Balza agli occhi la qualità dell’enigmatico dipinto, appartenuto al celebre fotografo faentino Leonida Caldesi (1822-1891), emigrato con successo a Londra, dove fu al servizio della regina Vittoria. È evidente nella scansione ritmata delle dita affusolate, nei sottili riverberi di luce sulle superfici metalliche del bacile e dell’elsa della spada, nella compatta stesura dell’incarnato del florido volto dell’eroina stagliato sul brano di quinta scura, e ingentilito, nei tratti popolari, dall’orecchino pendente e dal raccogliersi elegante della chioma, cui sfugge una ciocca vezzosa.

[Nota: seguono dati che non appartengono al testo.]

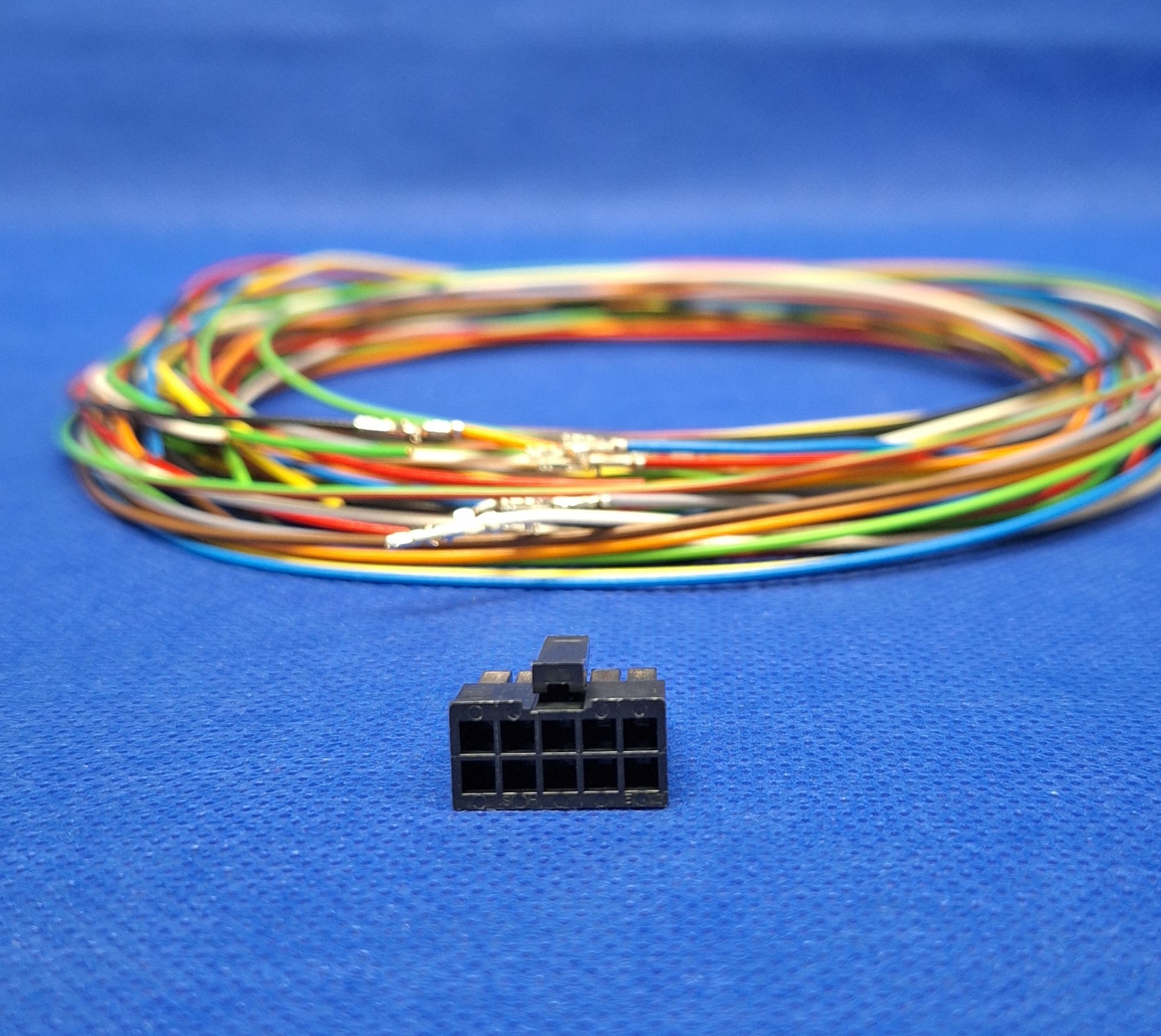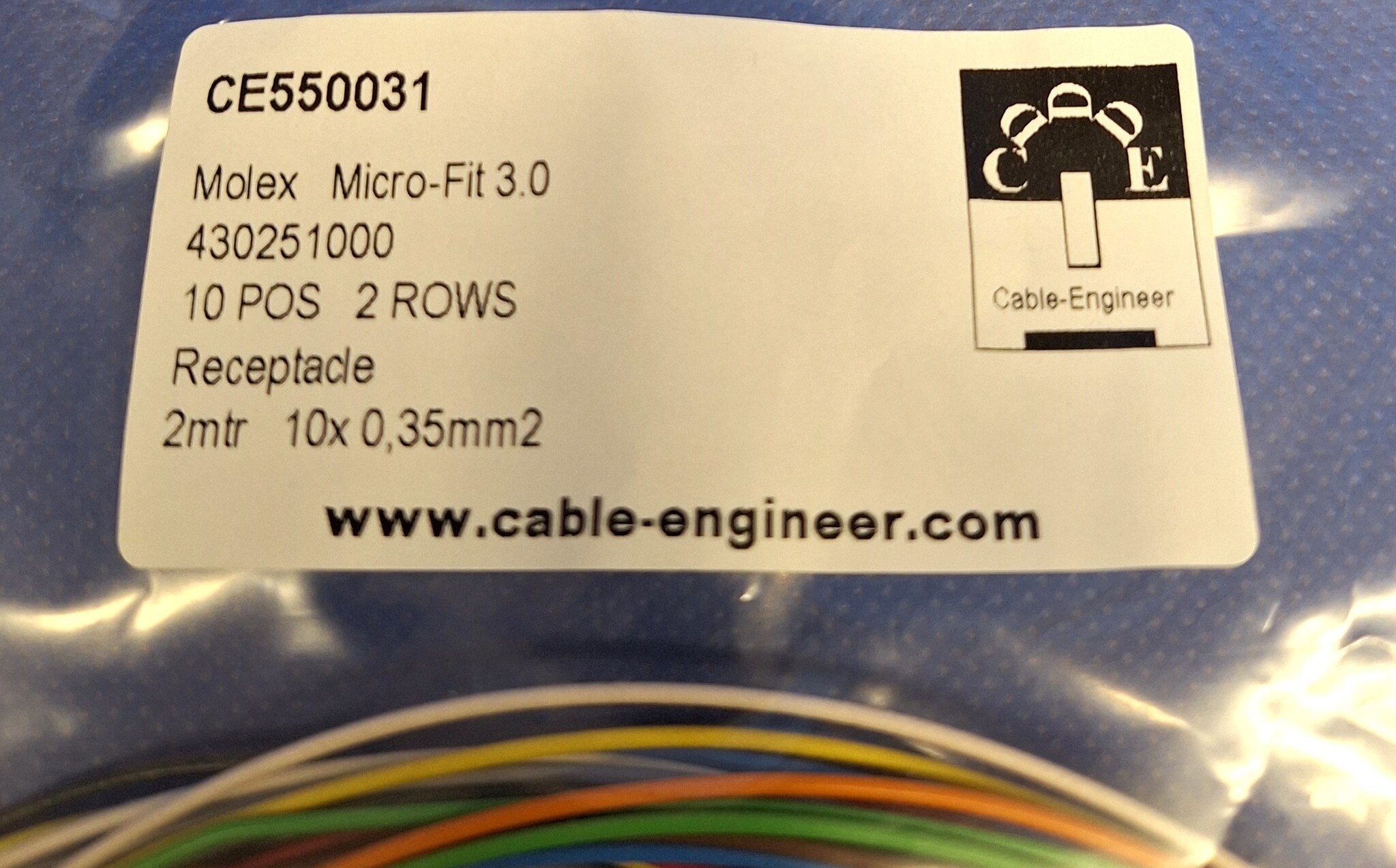 Pre-crimped Molex Micro Fit 3.0 set: 10-positie's / 2-Rij Receptacle Housing met 10x 2m. 0,35mm2 FLRY-A kabel met gekrompen/geïnstalleerde / gemonteerde contacten/terminals.

Le convenzionali fattezze dell’Oloferne escludono che si tratti di un ritratto, mentre i peculiari lineamenti della protagonista sono certo quelli di una delle modelle impiegate nella bottega del pittore vicentino, la cui statura artistica fu consacrata già dal contemporaneo Marco Boschini (1660): “De Francesco Mafei, quel che a Vicenza/ Splendor acresce con le so’ virtù,/ Per rason giusta debo dir de lù:/ Che l’è Pitor nò da Pigmei, ma da ziganti:/ Mistro, che in quatro sole penelae/ Fà, che ogn’un tegna le cegie inarcae;/ Manieron che stupir fà tuti quanti”.

BOSCHINI 1660
M. Boschini, La carta del navegar pitoresco, Venezia, 1660, p. 519

COLASANTI 1921
A. Colasanti, Opere di Jan Lys non ancora identificate, in “Bollettino d’arte”, I, 1921, 1, pp. 22-30

FIOCCO 1929
G. Fiocco, La pittura veneziana del Seicento e Settecento, Verona, 1929, pp. 30, 75

GOLFIERI, ARCHI 1964
E. Golfieri, A. Archi, Pinacoteca di Faenza, Faenza, 1964, n. 20

LONGHI 1922
R. Longhi, Note a margine al Catalogo della Mostra sei-settecentesca del 1922, ed. in R.L., Scritti giovanili. 1912-1922, Firenze, 2 voll., 1961, I, pp. 493-512

MESSERI, CALZI 1909
A. Messeri, A. Calzi, Faenza nella storia e nell’arte, Faenza, 1909, pp. 541-542

PANOFSKY 1962
E. Panofsky, Studies in iconology: humanistic themes in the art of the Renaissance, New York, 1962 pp. 12-13

ROSSI 1991
P. Rossi, Francesco Maffei, Milano, 1991, pp. 90-91, n. 23 (con bibliografia completa)

SERAFINI 2006
A. Serafini, Maffei, Francesco, voce in Dizionario Biografico degli Italiani, vol. 67, Roma, 2006, pp. 226-230.